Since the 1980s Dr. Thilsted has been working to spread sustainable smallholder aquaculture worldwide, all the while overcoming barriers placed before women in science and leadership. She said she’s been fortunate to be able to overcome these barriers in her professional career, and that she hopes her story inspires other women and girls to follow suit. Thilsted said the lesson learned from her decades of work in food security is clear: “We have the opportunity to make use of all food, land and water systems, more broadly and more holistically,” she said. “Fish and other aquatic foods are an integral part of food production.”

Dr. Thilsted will play a central role at the upcoming UN Food Systems Summit, which Kalibata will lead. “The UN Food Systems Summit is all about changing mindsets,” Thilsted said. “We must have much more research on aquatic foods.”

Last year’s honor went to Dr. Rattan Lal, a United States citizen and professor of soil science at Ohio State University.

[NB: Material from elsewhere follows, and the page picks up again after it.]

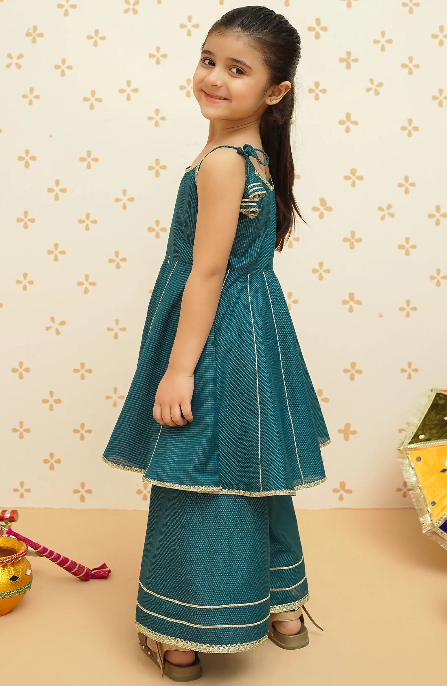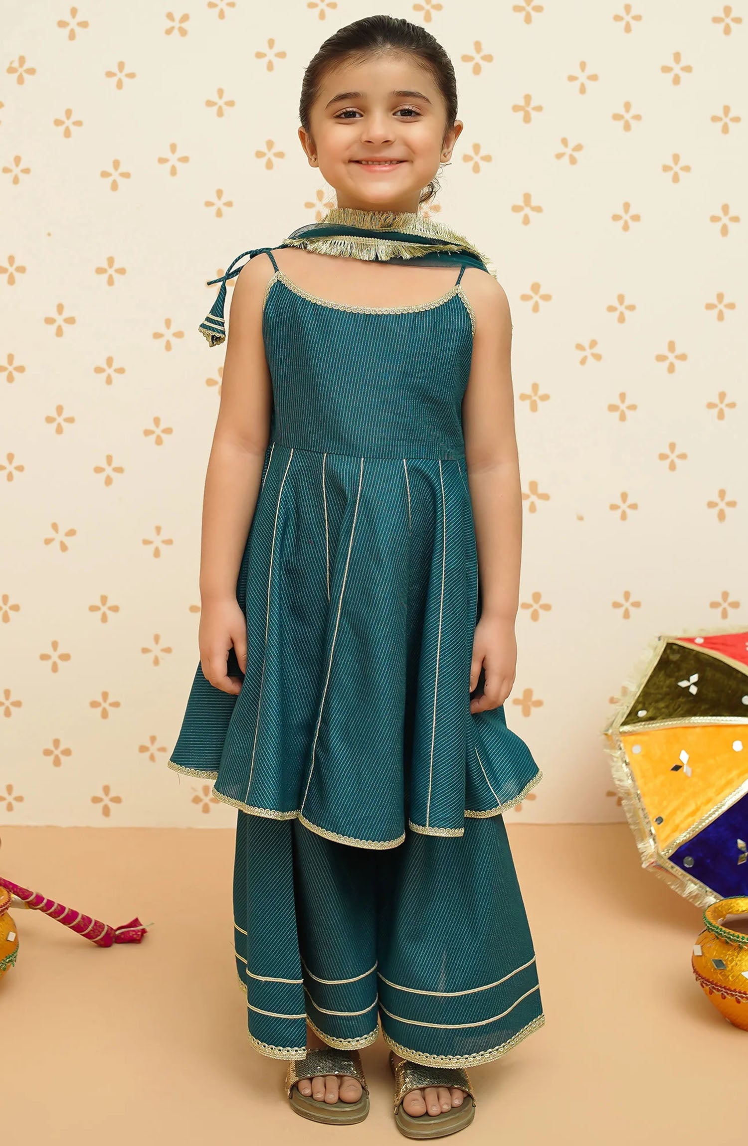 Detailing: This set features a sleeveless flared frock with intricate gota lace detailing,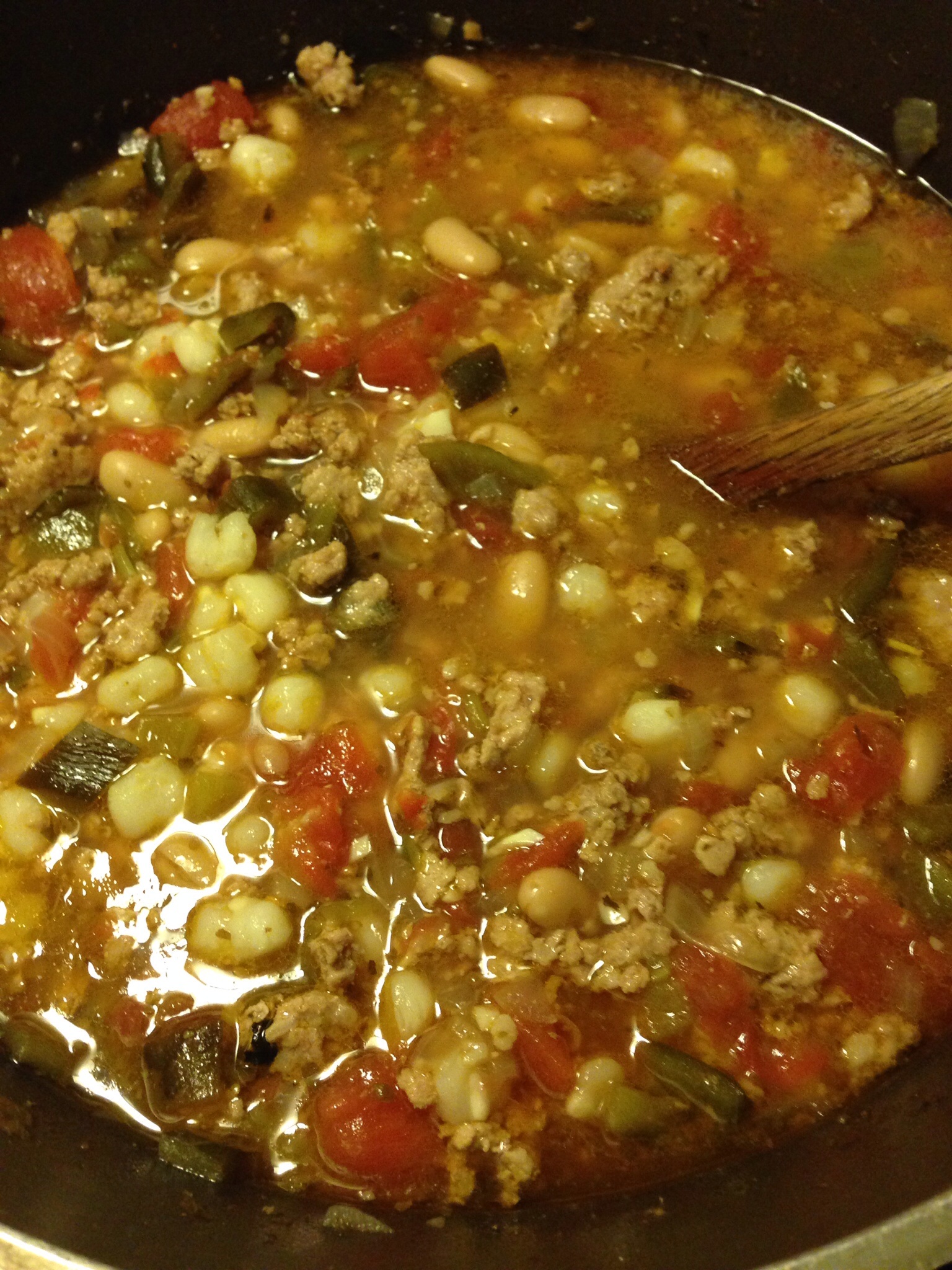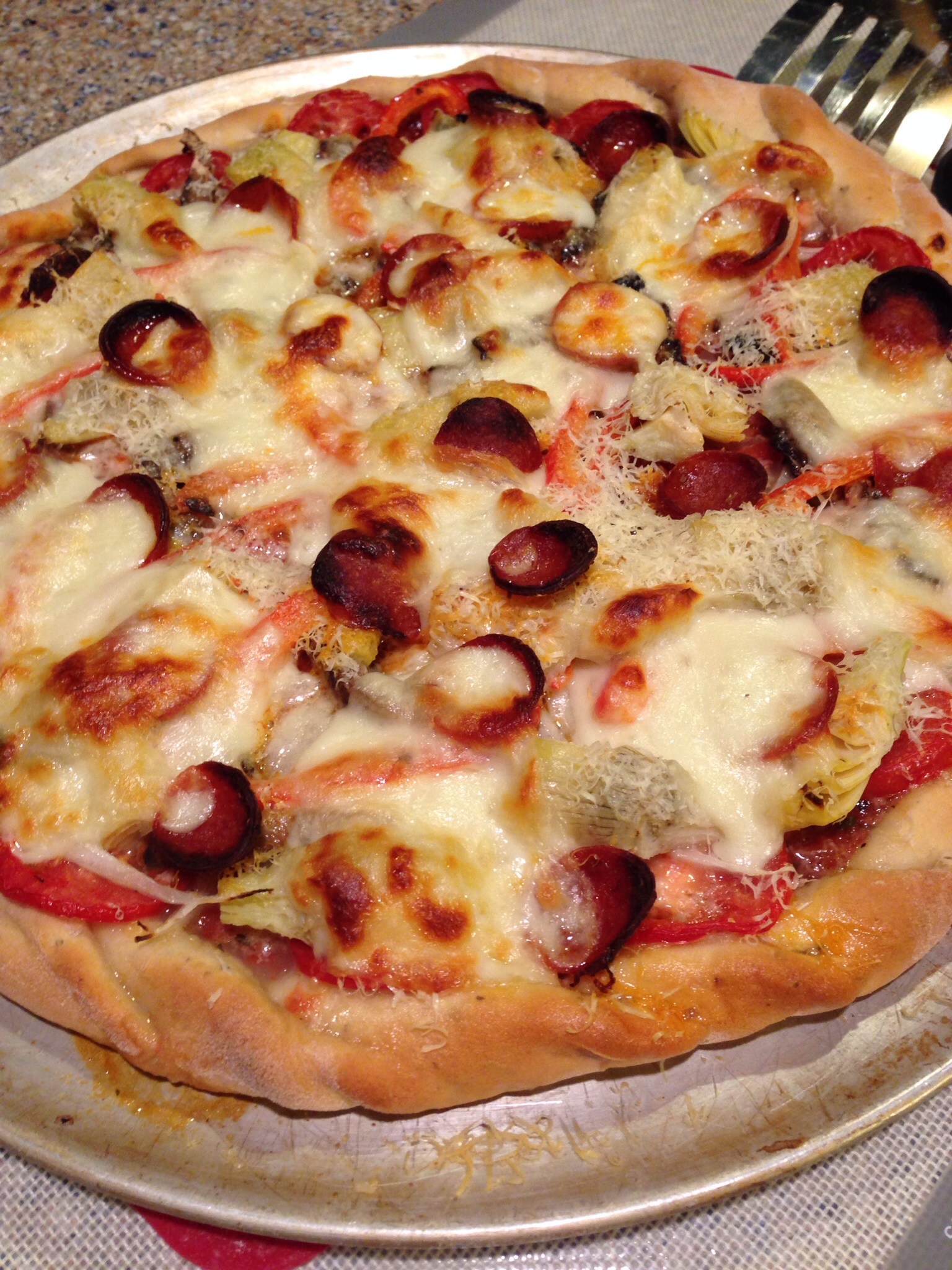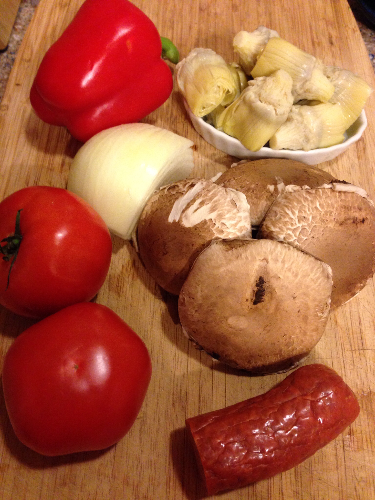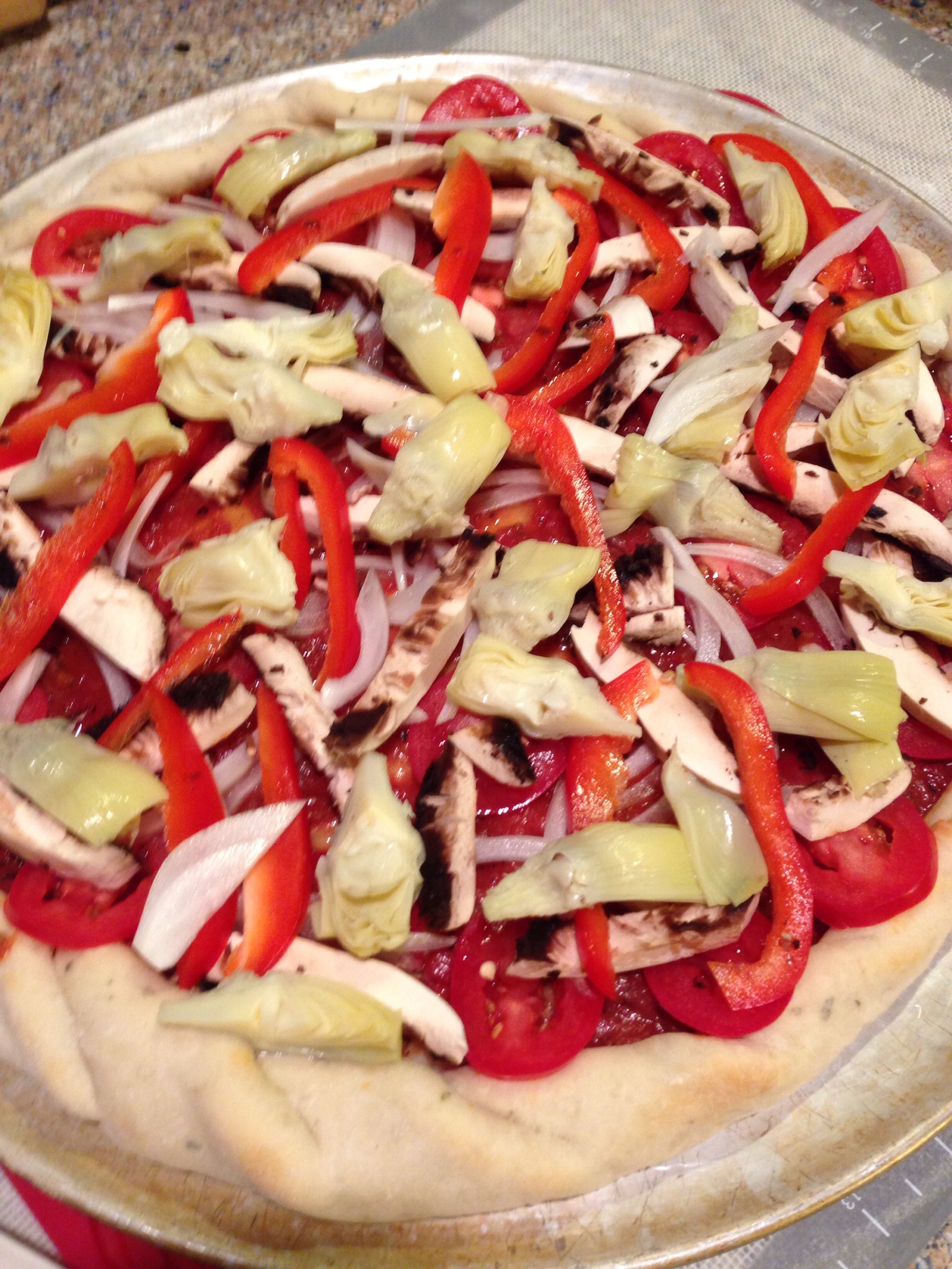 Choose your favorite toppings. Tonight I’m using onions, peppers, artichoke hearts, portabella mushrooms, tomatoes and some organic pepperoni.

Originally from India, Rattan was awarded the Prize for his work on “developing and mainstreaming a soil-centric approach to increasing food production,” per his biography on the Foundation’s website. Lal got his start researching tropical soil erosion and degradation at the International Institute of Tropical Agriculture in Nigeria. There, he explored the lack of fertility in many tropical soils. His research revealed how deforestation and excessive tillage under intense tropical conditions led to a massive loss of soil organic carbon, helping to explain in part the failure of the Green Revolution in sub-Saharan Africa—higher-yielding crop varieties developed by Norman Borlaug and colleagues didn\’t have a chance in these nutrient-poor conditions. With this knowledge, Lal helped introduce cover cropping, no-till agriculture, and other methods aimed at keeping plant residues on the surface to allow organic carbon and nutrients to replenish soils. Lal is also credited with explaining the link between soil carbon and climate change. The World Food Prize Foundation says Lal’s lifetime work “promoted innovative soil-saving techniques benefiting the livelihoods of more than 500 million smallholder farmers.”

 

Grow Further is inspired by the contributions of each of these laureates and seeks to support research that will make similar contributions to global food security.